A written (express) agreement may take the form of a formally drafted agreement or letter signed by both parties. In either case, and pursuant to EU Directive 91/533/EEC, the employer must inform the employee in writing of (at least) the following:

  • the parties’ identities and place of residence;
  • work location(s);
  • start date;
  • a description of the role or job title;
  • confirmation of normal working hours per day or week, initial base salary and other wage components, eligibility for or method of calculating holidays and applicable notice period;
  • whether the employee will participate in a pension scheme;
  • whether a collective bargaining agreement applies; and
  • whether the employment agreement has been entered into for a fixed period and if so, the duration thereof.

Are any terms implied into employment contracts?

Yes. Given the statutory definition, an employment agreement can be concluded orally or in writing, so any such agreement and its applicable terms can be implied as well as expressed.

Are mandatory arbitration/dispute resolution agreements enforceable?

Yes, although such arrangements are uncommon, as the law states specifically that parties must always have access to the civil courts, given the existence of specialised tribunals which deal with employment disputes professionally and swiftly.

How can employers make changes to existing employment agreements?

The employer can contractually reserve the right to unilaterally amend the terms and conditions of employment, and invoke this right in circumstances where its own interests outweigh those of the employee.

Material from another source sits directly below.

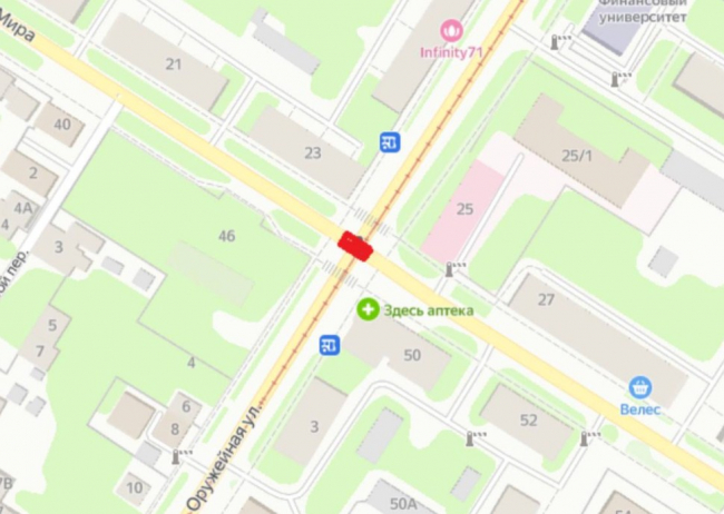 - запрещена остановка и стоянка, а также движение всех видов транспорта с 08:00 до 22:00 на пересечении ул. Оружейная и ул. Мира.

Positive advice from the works council is usually an indication to the court that such circumstances apply. If a unilateral amendment clause has not been included in the employment agreement, it is more difficult for the employer to change the terms and conditions of employment.

According to the Supreme Court, unilateral amendment clauses are primarily aimed at collective changes and if there is no such clause in the employment agreement, the employer must conduct the necessary negotiations with individual employees. In these negotiations employer and employee must conduct themselves diligently. When assessing whether the employees should accept a change, it should be considered whether the employer has sound reasons for the change. If that is the case, it should then be determined whether acceptance of the employer’s reasonable proposal could reasonably be expected from the employee.

In case of collective changes, in the absence of a unilateral amendment clause, an employer will generally need to demonstrate that continuing with the current terms and conditions would be unreasonable, under the standards of reasonableness and fairness, or that there are unforeseen circumstances. These are both strict tests. 

Foreign workers
Is a distinction drawn between local and foreign workers?

The Act on Cross-border Work ensures that certain essential statutory rights under Dutch employment law apply to employees who work in the Netherlands, but whose employment agreement is subject to foreign law. These rights relate to issues such as health and safety, minimum wage and minimum holiday allowance. Further, there are a number of restrictions on applicable foreign law for employees who work in the Netherlands: a choice for foreign law cannot result in the loss of mandatory rights under Dutch law and a choice of law cannot set aside mandatory provisions of Dutch law.